3. TEMPERANCE (MODERATION) is reasonable, common sense, healthy moderation of habits, and maintenance of a healthy balance in professional, personal and family life.

4. JUSTICE embodies a sense of fairness and morality. Though we cannot ignore economic reality, we should not be so totally focused on money that we fail to serve the cause of objective fairness.

5. FAITH motivates us to persevere and to serve even when reason tells us all is lost.

6. HOPE that out of the messy conflicts with which we must labor in the law, something good and worthwhile may somehow emerge.

7. LOVE is that unselfish concern on some level for the welfare of even the most annoying and unlovable clients, witnesses, staff, colleagues, judges, court staff and even adversaries. It should become radically unselfish and gracious, beyond mere feeling, attraction, affection or compassion. Without love, justice turns to cruelty. To manifest love for the unlovable, we need to develop both a kind of dangerous unselfishness and a capacity to exercise “tough love,” urging folks to cut out their foolishness.
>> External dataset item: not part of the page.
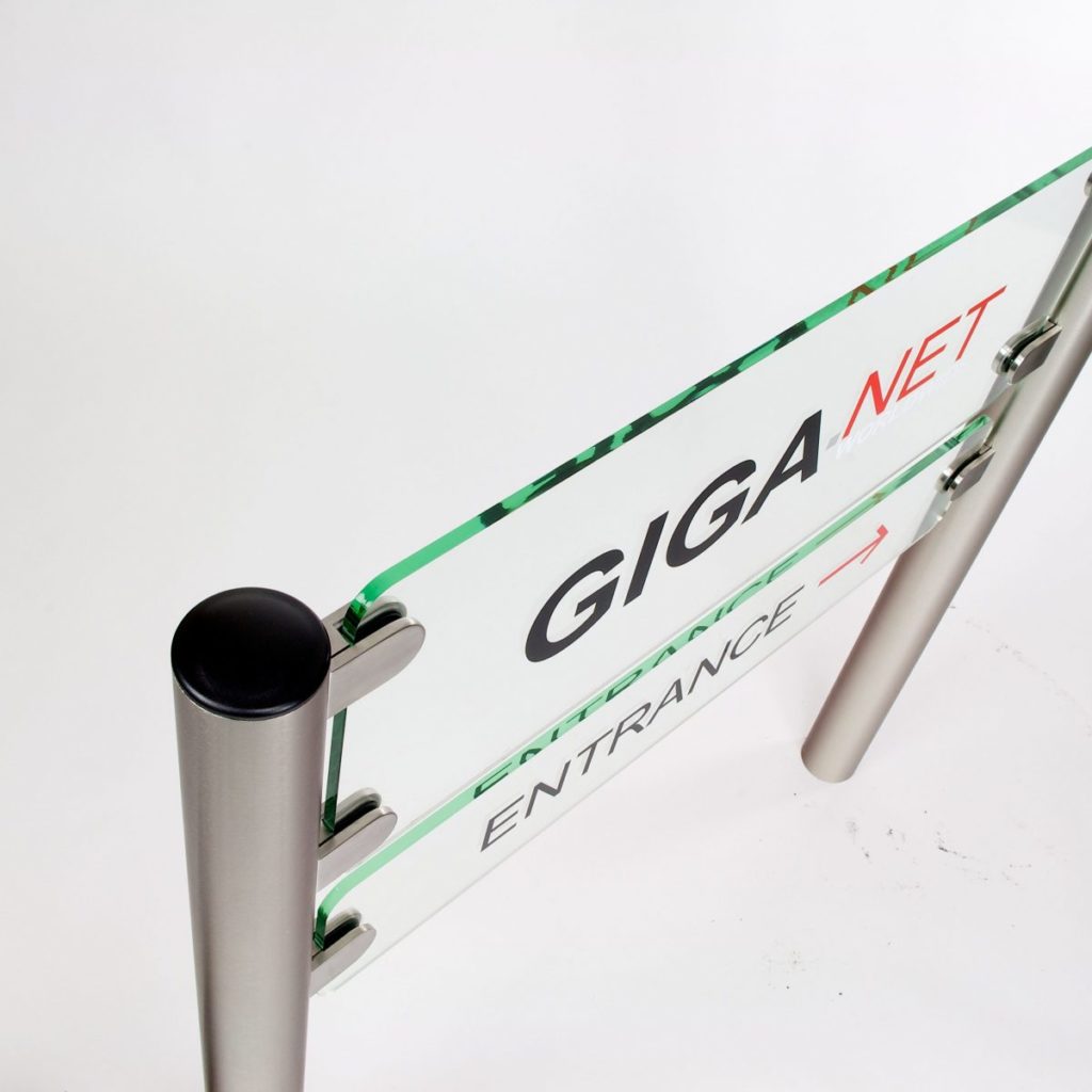 Post Mounted Acrylic Signs are a stylish system that offers a clean and modern appearance with the capability to be both directional signage or a site's principal sign. Comprising 10mm acrylic, post sections (round or square) and glass clamps it is an easy to install, low maintenance system.

Someday all our beautifully framed diplomas and certificates will wind up in a bin at an estate sale. Someone may pay fifty cents for the frames, or they may go in the dumpster. When a neighbor died a few years ago in his nineties, his Wharton MBA was found on the basement floor at the end of the estate sale. When I had an estate sale at my house recently, to downsize two years after my wife passed, some of the professionally framed certificates that I hung proudly on my office wall forty years ago went to the landfill.

Compared to the infinite scale and complexity of the universe, our lives are infinitesimally small and finite. But in this snippet of time and space we occupy, we are called to interpret the moral order of Creation into pragmatic legal solutions for the messy problems presented to us, and to use our skills to temper the chaos to which human nature gives rise.

Being able to recognize this calling and our peace-making and problem-solving abilities may allow us to regain, and live with, a degree of passion and purpose in the face of difficult circumstances and never-ending temptations to ethical compromise.

I know better than anyone that I am not truly worthy of that calling or deserving of this award, but thank you.